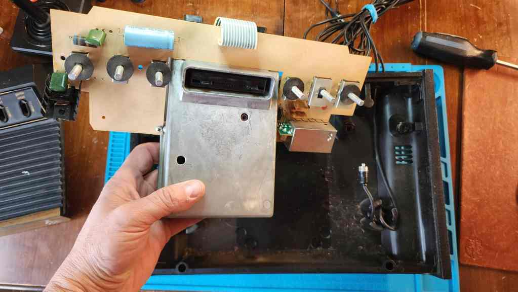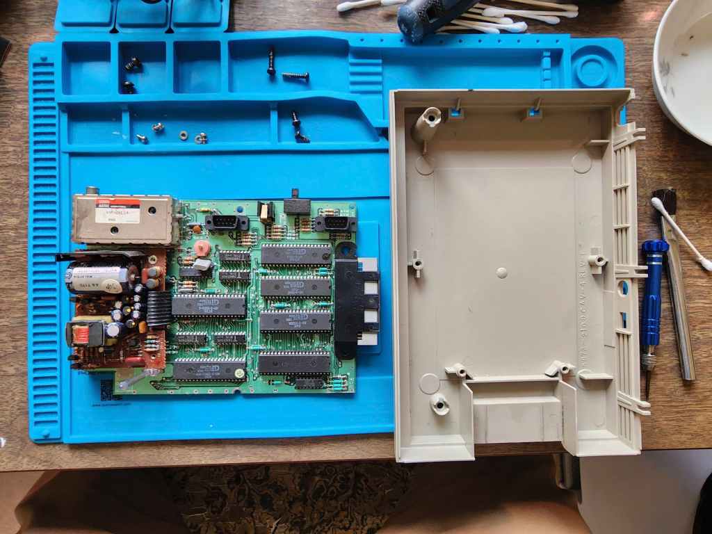 I then cleaned the cartridge slot and the cartridge and then fiddled a bit more with the RF cable. I tried it again and I the game appeared on the screen. Nice! 😁 I now had even more hope, and I set to work opening the console so I could replace the RF cable along with anything else that might need it.
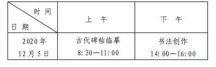 2020年12月5日8:30—10:30;笔试考点设在各省辖市和省直管县(市)招生考试机构所在地,具体由市(县、区)招生考试机构通知。
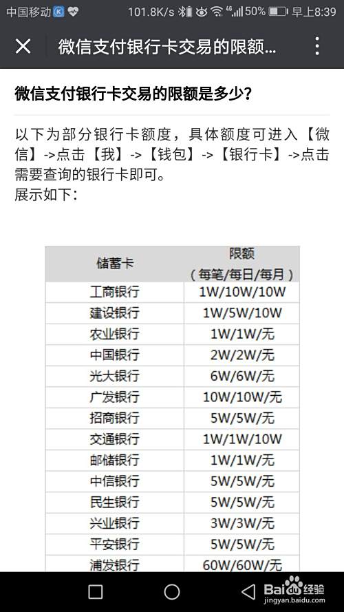 微信支付查看各大银行限额的方法详解
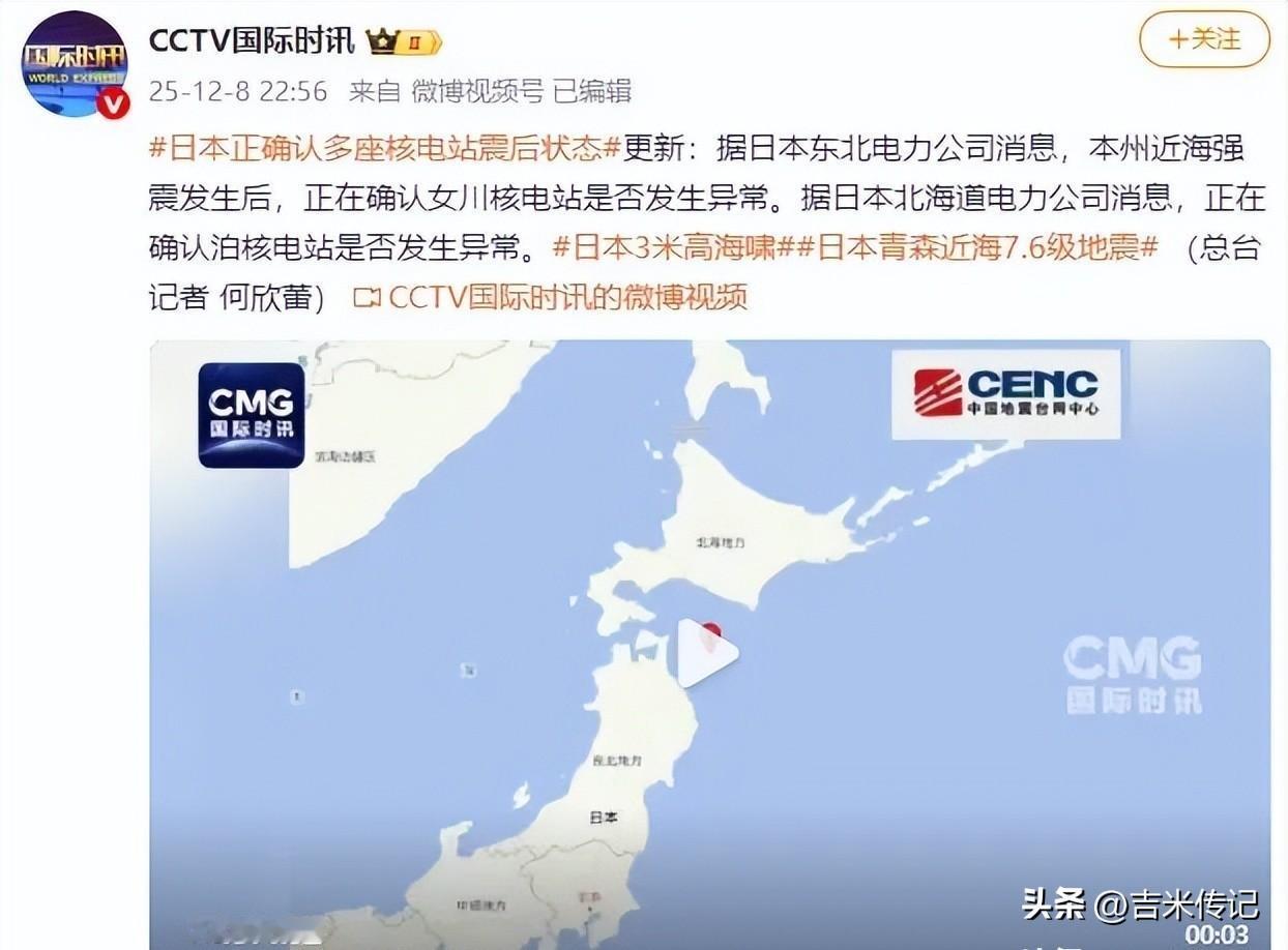 日本七级强震凌晨爆发,中国游客卫生间避险,核电站异常牵动人心。 12月8日晚11点多,日本青森县近海发生7.6级地震。气象厅预测3米海啸,北海道、青森等地紧急疏散。我在青森旅游的朋友徐女士说,房子突然剧烈摇晃,东西掉一地,她直接抱起证件躲卫生间。同一时间,北海道留学生也在家经历了持续震动,吓得往厕所跑。 地震预警响时,徐女士正待在一楼。电视马上开始播海啸警报,但她家离海边半小时车程,暂时没出去。青森屋酒店3层住的游客描述更吓人,整栋楼晃得停不下来,所有人都冲下楼。有人反映电子设备全在报警,电梯停运只能走楼梯。 神奈川县华人说,台灯摇晃了近一分钟,东西也倒了不少。东京两位网友也感到明显震动,大概持续一两分钟。东北电力公司立刻检查女川核电站,北海道电力公司也在确认泊核电站情况,目前还没发现异常。 NHK电视台直接中断节目播紧急通知,反复喊大家远离海岸。中国驻札幌总领馆发警告,让太平洋沿岸同胞赶紧避难,提醒海啸可能反复袭击。我表哥在仙台打工,当时刚吃完饭,手机警报声特别刺耳,他抓着包就往高处跑。 地震后日本政府开了紧急会议,各地方忙着统计损失。自然部说这次海啸不会影响我国海岸,但建议在日本的同胞还是提高警惕。青森县过了半小时又来5.6级余震,震感还能感觉到。 现在当地还在排查建筑隐患,很多商场超市都关了。我朋友在超市工作,货架全散了,员工连夜清货。北海道铁路部分停运,游客出城只能坐末班车。民宿老板叮嘱客人别睡太沉,说余震随时可能来。 气象厅把震级从7.2级上调到7.6级,说明能量更大。这次震源在海里,难怪会引发海啸预警。日本建筑抗震确实有功夫,虽然晃得狠但没见房子塌。不过卫生间的抗震设计被大家夸了,很多人躲那才没受伤。 现在网上满是各地方震动对比,青森抖得最凶,仙台稍轻。政府提醒别光顾着拍视频就往海边凑,有经验的老人都说浪头来得快。徐女士说今晚肯定不敢睡觉,手机音量调最大防着余震
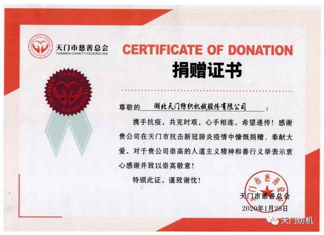 2020年,面對(duì)來(lái)勢(shì)洶洶的新冠疫情,作為一家民營(yíng)企業(yè),天門(mén)紡機(jī)不計(jì)經(jīng)濟(jì)損失,率先提出了“不給黨和政府添麻煩,不給疫情防控添壓力,不給社會(huì)就業(yè)添負(fù)擔(dān)”,率先停產(chǎn)歇業(yè),率先捐贈(zèng)100萬(wàn)元,專門(mén)用于收治新冠患者,采購(gòu)短缺醫(yī)療物資。公司管理層還通過(guò)多種渠道,主動(dòng)與有影響力基金會(huì)取得聯(lián)絡(luò),分6個(gè)批次向醫(yī)院、社區(qū)捐贈(zèng)了30萬(wàn)只醫(yī)用口罩、10噸醫(yī)用消毒液、2萬(wàn)件防護(hù)服等大量物資,在抗疫的危急時(shí)刻發(fā)揮了重要作用。
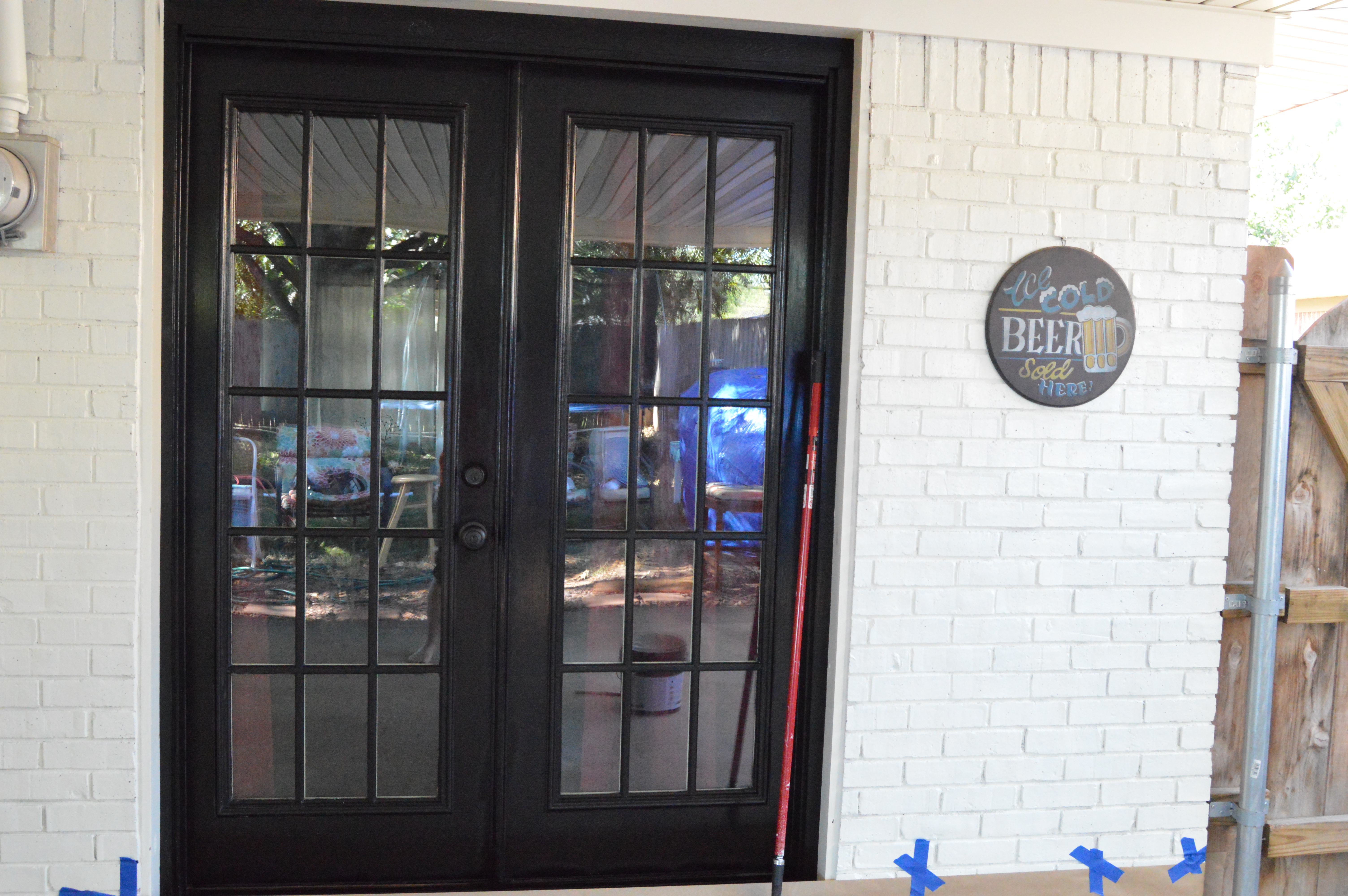 I FINALLY had a productive weekend with our patio!!! I got the 2nd coat of paint on the walls, painted the French doors, and sort of fixed the floor (I’ll explain that later).
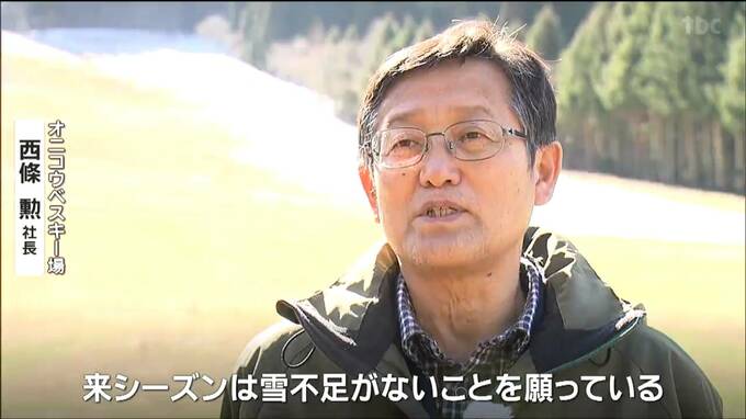 オニコウベスキー場・西條勲社長:「2月中旬でこの通り雪がないというのはまったく予想していなかったので驚いている。来シーズンは雪不足がないことを願っている」
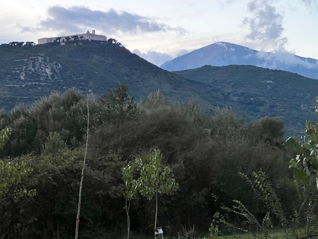 Er is hier ook een wasmachine dus we krijgen alles schoon. En droog, het regent de hele dag niet. ’s Avonds zien we het klooster van Monte Cassino afsteken tegen de donkerende lucht. We hoefden vandaag gelukkig niet omhoog te fietsen: mijn Poolse plicht heb ik in 2005 al vervuld.
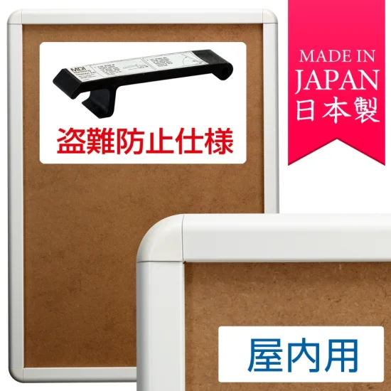 盗難防止機能付き。専用オープナーでポスターフレームを開閉します。
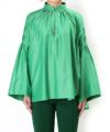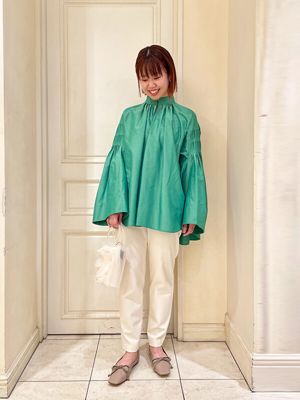 今季のトレンドカラーでもあるビビッドなグリーンが一枚で映えるこちらのブラウスはマメの新作です!
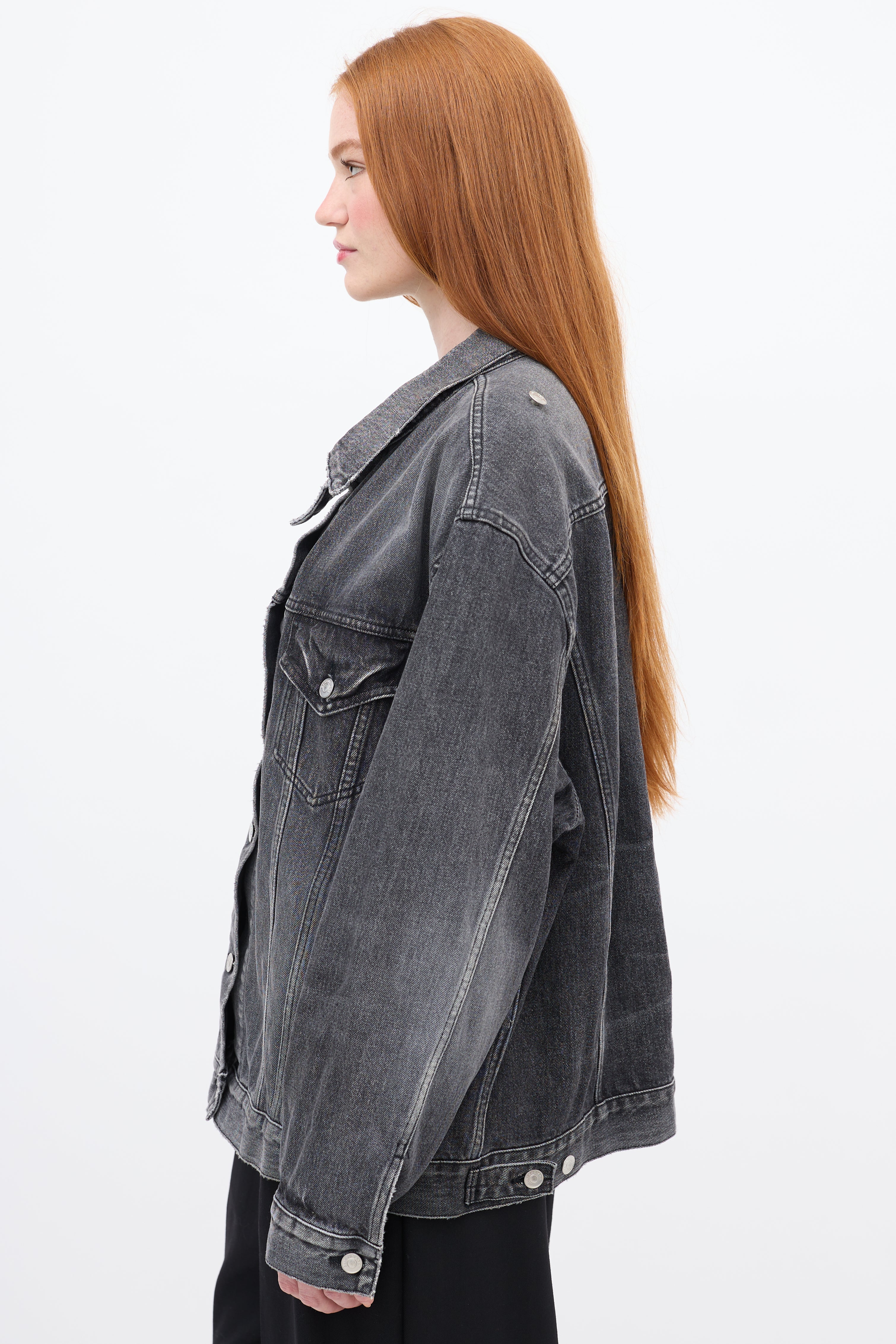Grey Asymmetrical Pulled Denim Jacket FR 40 Size Guide

(Assigned task): In your copy of the data above, leave out the pictures and repeat everything else exactly.

(Answer to this exercise):
 I then cleaned the cartridge slot and the cartridge and then fiddled a bit more with the RF cable. I tried it again and I the game appeared on the screen. Nice! 😁 I now had even more hope, and I set to work opening the console so I could replace the RF cable along with anything else that might need it.
 2020年12月5日8:30—10:30;笔试考点设在各省辖市和省直管县(市)招生考试机构所在地,具体由市(县、区)招生考试机构通知。
 微信支付查看各大银行限额的方法详解
 日本七级强震凌晨爆发,中国游客卫生间避险,核电站异常牵动人心。 12月8日晚11点多,日本青森县近海发生7.6级地震。气象厅预测3米海啸,北海道、青森等地紧急疏散。我在青森旅游的朋友徐女士说,房子突然剧烈摇晃,东西掉一地,她直接抱起证件躲卫生间。同一时间,北海道留学生也在家经历了持续震动,吓得往厕所跑。 地震预警响时,徐女士正待在一楼。电视马上开始播海啸警报,但她家离海边半小时车程,暂时没出去。青森屋酒店3层住的游客描述更吓人,整栋楼晃得停不下来,所有人都冲下楼。有人反映电子设备全在报警,电梯停运只能走楼梯。 神奈川县华人说,台灯摇晃了近一分钟,东西也倒了不少。东京两位网友也感到明显震动,大概持续一两分钟。东北电力公司立刻检查女川核电站,北海道电力公司也在确认泊核电站情况,目前还没发现异常。 NHK电视台直接中断节目播紧急通知,反复喊大家远离海岸。中国驻札幌总领馆发警告,让太平洋沿岸同胞赶紧避难,提醒海啸可能反复袭击。我表哥在仙台打工,当时刚吃完饭,手机警报声特别刺耳,他抓着包就往高处跑。 地震后日本政府开了紧急会议,各地方忙着统计损失。自然部说这次海啸不会影响我国海岸,但建议在日本的同胞还是提高警惕。青森县过了半小时又来5.6级余震,震感还能感觉到。 现在当地还在排查建筑隐患,很多商场超市都关了。我朋友在超市工作,货架全散了,员工连夜清货。北海道铁路部分停运,游客出城只能坐末班车。民宿老板叮嘱客人别睡太沉,说余震随时可能来。 气象厅把震级从7.2级上调到7.6级,说明能量更大。这次震源在海里,难怪会引发海啸预警。日本建筑抗震确实有功夫,虽然晃得狠但没见房子塌。不过卫生间的抗震设计被大家夸了,很多人躲那才没受伤。 现在网上满是各地方震动对比,青森抖得最凶,仙台稍轻。政府提醒别光顾着拍视频就往海边凑,有经验的老人都说浪头来得快。徐女士说今晚肯定不敢睡觉,手机音量调最大防着余震
 2020年,面對(duì)來(lái)勢(shì)洶洶的新冠疫情,作為一家民營(yíng)企業(yè),天門(mén)紡機(jī)不計(jì)經(jīng)濟(jì)損失,率先提出了“不給黨和政府添麻煩,不給疫情防控添壓力,不給社會(huì)就業(yè)添負(fù)擔(dān)”,率先停產(chǎn)歇業(yè),率先捐贈(zèng)100萬(wàn)元,專門(mén)用于收治新冠患者,采購(gòu)短缺醫(yī)療物資。公司管理層還通過(guò)多種渠道,主動(dòng)與有影響力基金會(huì)取得聯(lián)絡(luò),分6個(gè)批次向醫(yī)院、社區(qū)捐贈(zèng)了30萬(wàn)只醫(yī)用口罩、10噸醫(yī)用消毒液、2萬(wàn)件防護(hù)服等大量物資,在抗疫的危急時(shí)刻發(fā)揮了重要作用。
 I FINALLY had a productive weekend with our patio!!! I got the 2nd coat of paint on the walls, painted the French doors, and sort of fixed the floor (I’ll explain that later).
 オニコウベスキー場・西條勲社長:「2月中旬でこの通り雪がないというのはまったく予想していなかったので驚いている。来シーズンは雪不足がないことを願っている」
 Er is hier ook een wasmachine dus we krijgen alles schoon. En droog, het regent de hele dag niet. ’s Avonds zien we het klooster van Monte Cassino afsteken tegen de donkerende lucht. We hoefden vandaag gelukkig niet omhoog te fietsen: mijn Poolse plicht heb ik in 2005 al vervuld.
 盗難防止機能付き。専用オープナーでポスターフレームを開閉します。
 今季のトレンドカラーでもあるビビッドなグリーンが一枚で映えるこちらのブラウスはマメの新作です!
Grey Asymmetrical Pulled Denim Jacket FR 40 Size Guide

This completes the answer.